A Novel Assembled Pendulum-Type ATMD for Structural Vibration Control

Abstract

This paper presents the design, modeling, and characterizing tests of an assembled freely pendulum-type active tuned mass damper (AP-ATMD) for structural vibration control, highlighting its unique features such as noncontact force transmission, nonextra stiffness, and damping members. This device can operate passively as a tuned mass damper (TMD) with optimal tuning when environmental disturbances are minimal, or it can engage efficiently in active control when significant disturbances are present. The AP-ATMD mainly consists of a robust suspension system, an arc-shaped mass block with permanent magnets (PMs), and an arc-shaped electromagnetic motor. Notably, both the electromagnetic motor and the mass block have identical curvatures.
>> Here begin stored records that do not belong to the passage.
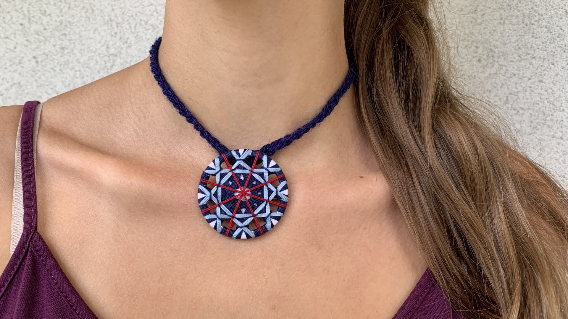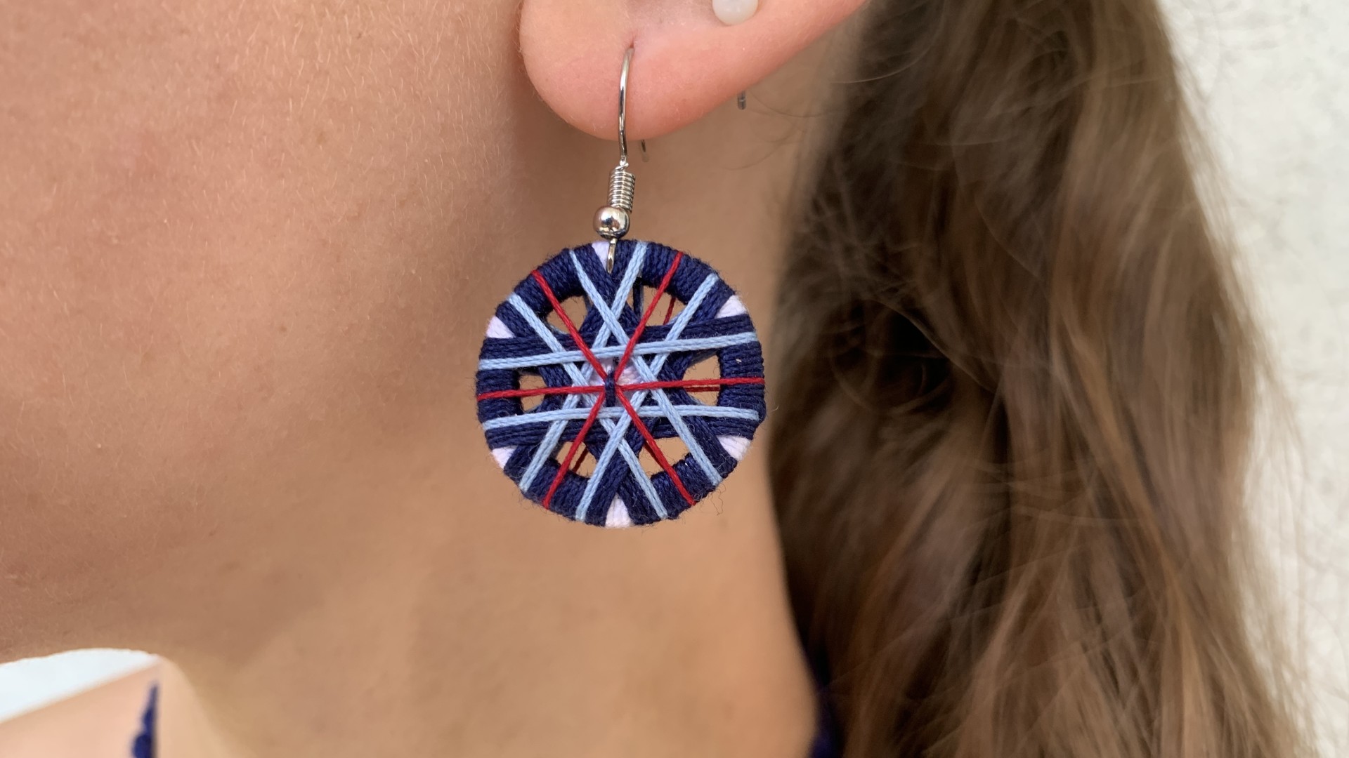 Zwirnknopfset "Winnie" (Weiß, Dunkelblau, Hellblau, Rot) Anhänger mit weichem Häkelband inklusive passende Ohrhänger. Maße Zwirnknopf Kettenanhänger: ca. 55 mm; Maße Zwirnknopf Ohrhänger ca. 25 mm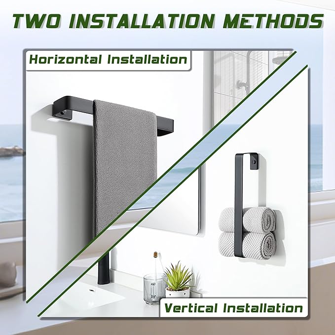 - 【Matte Black Finished】The hand towel holder is finished by ultra high temperature matte black spraying technology , the black surface is smooth and beautiful, adding a touch of elegance and sophistication to my bathroom decor. It complements the other fixtures in the room beautifully and gives the space a modern yet timeless aesthetic.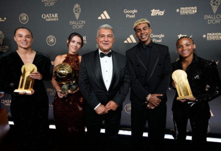 典礼上,巴萨球员亚马尔获得男足科帕奖,邦马蒂获得女足金球奖,维姬-洛佩兹获得女足科帕奖,艾娃-帕约尔获得女足盖德-穆勒奖,收获满满。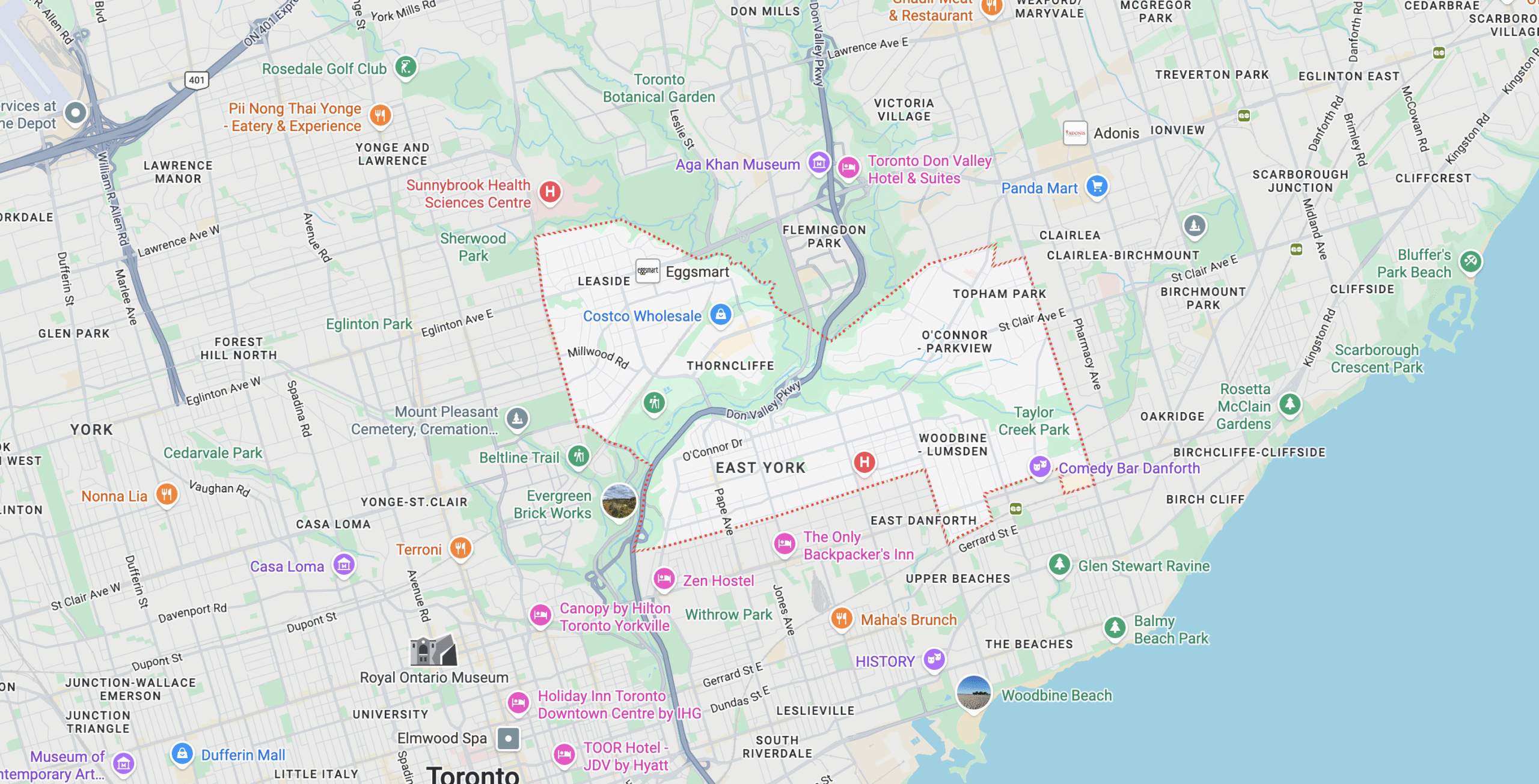 We cover every part of East York - Woodbine Heights, Broadview North, East York Village, O'Connor-Clairlea, Oakridge, Taylor-Massey, The Peanut, Topham Park, Woodbine Corridor, Crescent Town, Danforth Village, Secord, Cosburn, Pape Village, and Monarch Park.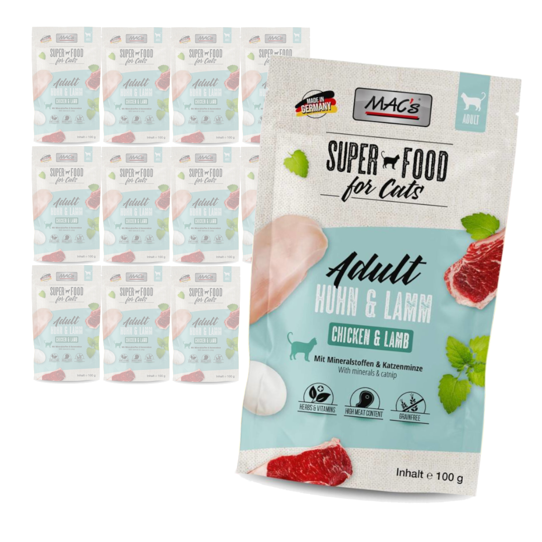 MAC’s Chicken & Lamb łączy w sobie dwa chude, ale smaczne rodzaje mięsa i stanowi wyjątkowy przysmak dla Twojego kota.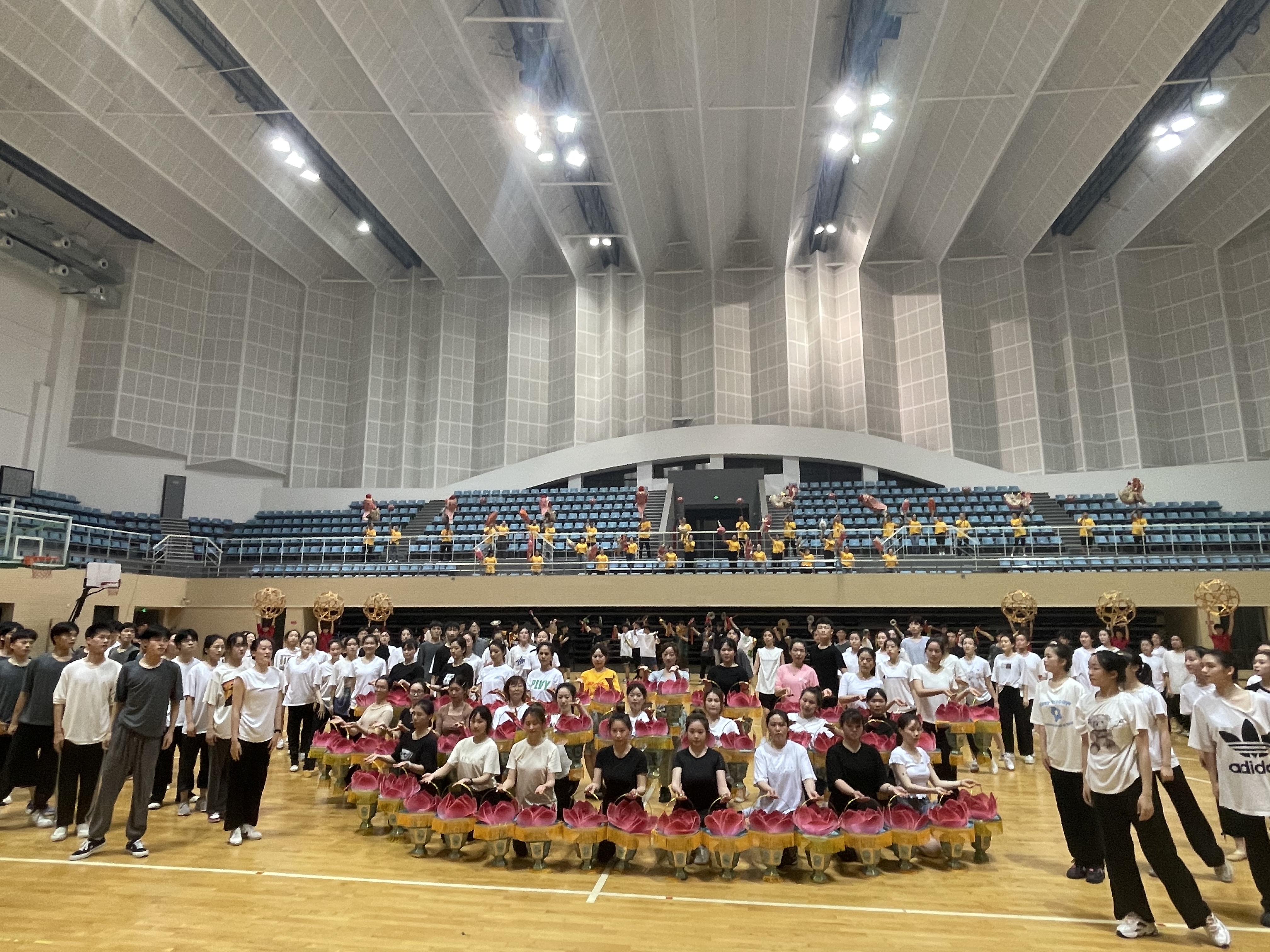 5月15日,舞蹈系主任张星与本次晚会总导演施国庆老师进行沟通协调,及时解决了体育馆空调问题,保证了排练顺利进行。数日来,舞蹈系的教务老师、任课老师和几个班的班主任积极配合,协商调整上课时间。教学实践部焦峤等老师多次联络工作到深夜;浙艺车队的王磊等司机师傅起早贪黑争分夺秒的运送师生队伍;舞蹈系学生们团队意识强和组织纪律性强的特点在本次排练中得以表现,他们排练认真卖力,每天自觉统一排练服装,步调一致,保证了排练的高效率、高质量,有时还会反过来关照到老师们的辛苦,暗暗地为老师准备茶水。

A laboratory prototype of the AP-ATMD was designed and fabricated for the purpose of characterizing tests. Furthermore, an electromechanical model based on the Bouc–Wen hysteresis loop was developed to accurately characterize the active force behavior generated by the device. The parameters of this model were identified through a series of characterizing tests of the prototype AP-ATMD under harmonic excitations, and subsequently were validated under random excitation. The results confirmed the efficacy of the proposed electromechanical model in precisely capturing the active force behavior across a wide array of operational conditions. Finally, a numerical simulation of a 3-story frame with the AP-ATMD installed was conducted. The outcomes of the simulation highlighted the AP-ATMD’s ability to reduce structural responses significantly. Moreover, the system employing the proposed electromechanical model outperformed a linear model, demonstrating a superior reduction in structural response.